## Task to complete:
The material below has pictures in it. Set down only the lines from the line containing "এসময় বক্তারা বলেন, তাদের" through the line containing "Je suis entré", word for word, and leave the pictures behind.

*** Opening Listed records ***

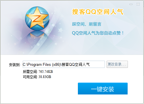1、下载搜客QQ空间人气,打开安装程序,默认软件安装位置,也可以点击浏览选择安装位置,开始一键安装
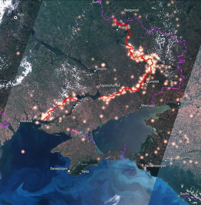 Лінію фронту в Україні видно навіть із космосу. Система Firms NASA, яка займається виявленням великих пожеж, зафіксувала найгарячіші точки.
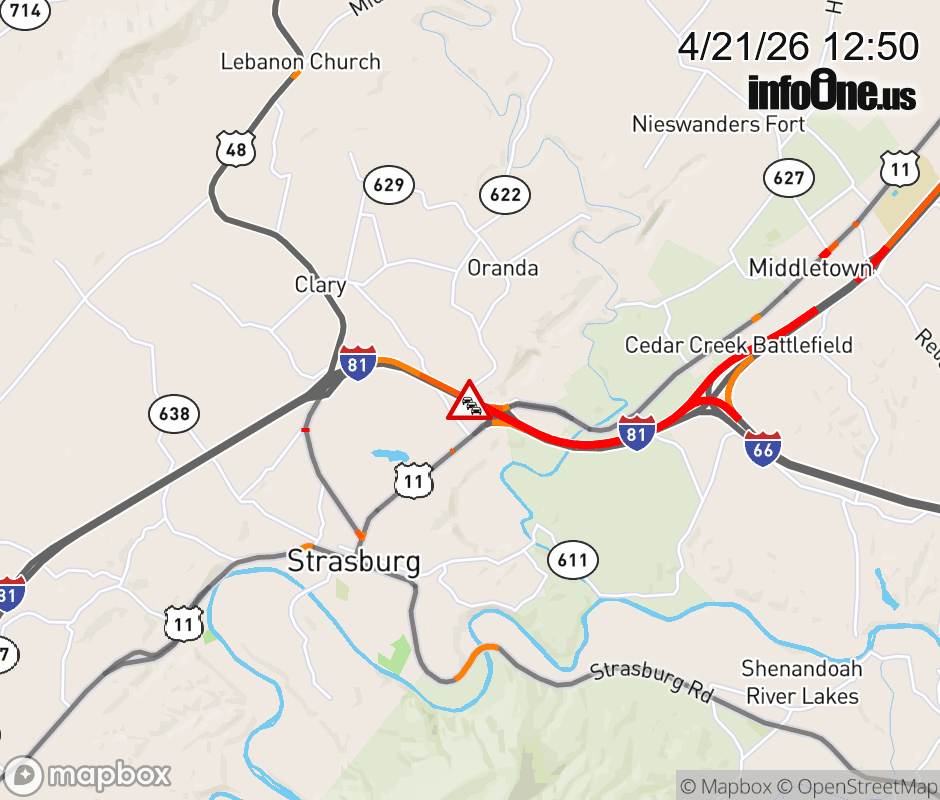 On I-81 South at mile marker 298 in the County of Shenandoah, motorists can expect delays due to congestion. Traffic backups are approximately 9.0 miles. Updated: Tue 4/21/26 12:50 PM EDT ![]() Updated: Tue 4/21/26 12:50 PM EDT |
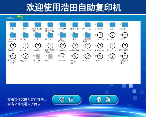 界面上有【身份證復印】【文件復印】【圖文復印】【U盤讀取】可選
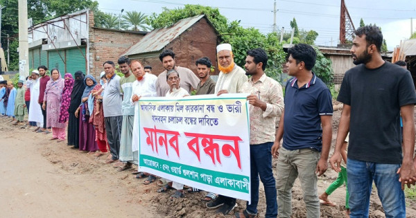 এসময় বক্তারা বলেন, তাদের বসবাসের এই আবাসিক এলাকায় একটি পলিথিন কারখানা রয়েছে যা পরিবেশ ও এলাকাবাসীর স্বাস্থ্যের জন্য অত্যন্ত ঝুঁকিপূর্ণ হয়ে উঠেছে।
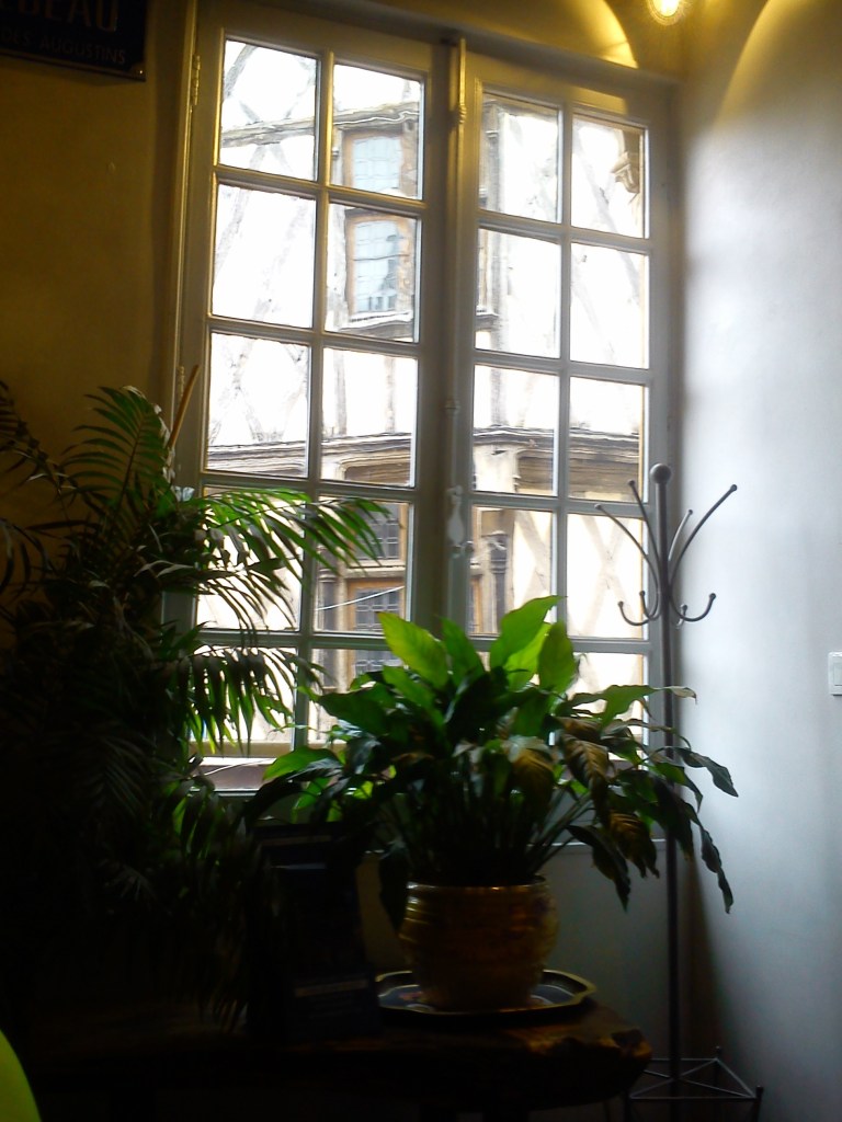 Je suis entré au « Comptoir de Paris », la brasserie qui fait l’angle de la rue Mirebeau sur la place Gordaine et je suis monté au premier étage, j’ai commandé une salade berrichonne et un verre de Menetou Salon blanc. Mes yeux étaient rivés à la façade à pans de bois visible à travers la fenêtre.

*** Closing Listed records ***
*** Opening Listed records ***

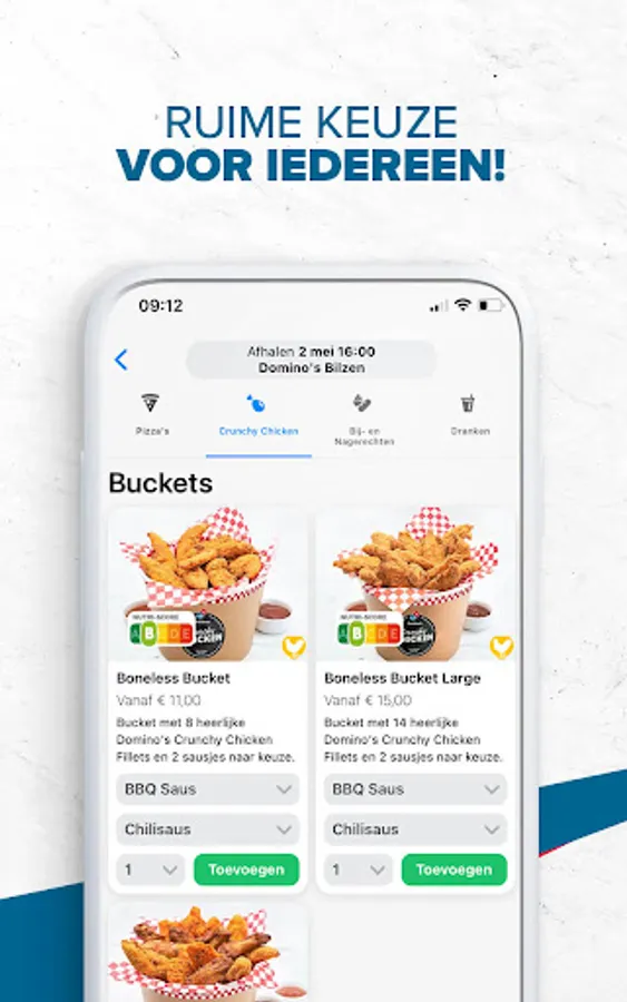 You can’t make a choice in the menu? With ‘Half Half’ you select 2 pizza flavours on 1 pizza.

*** Closing Listed records ***

## Task answer:
 এসময় বক্তারা বলেন, তাদের বসবাসের এই আবাসিক এলাকায় একটি পলিথিন কারখানা রয়েছে যা পরিবেশ ও এলাকাবাসীর স্বাস্থ্যের জন্য অত্যন্ত ঝুঁকিপূর্ণ হয়ে উঠেছে।
 Je suis entré au « Comptoir de Paris », la brasserie qui fait l’angle de la rue Mirebeau sur la place Gordaine et je suis monté au premier étage, j’ai commandé une salade berrichonne et un verre de Menetou Salon blanc. Mes yeux étaient rivés à la façade à pans de bois visible à travers la fenêtre.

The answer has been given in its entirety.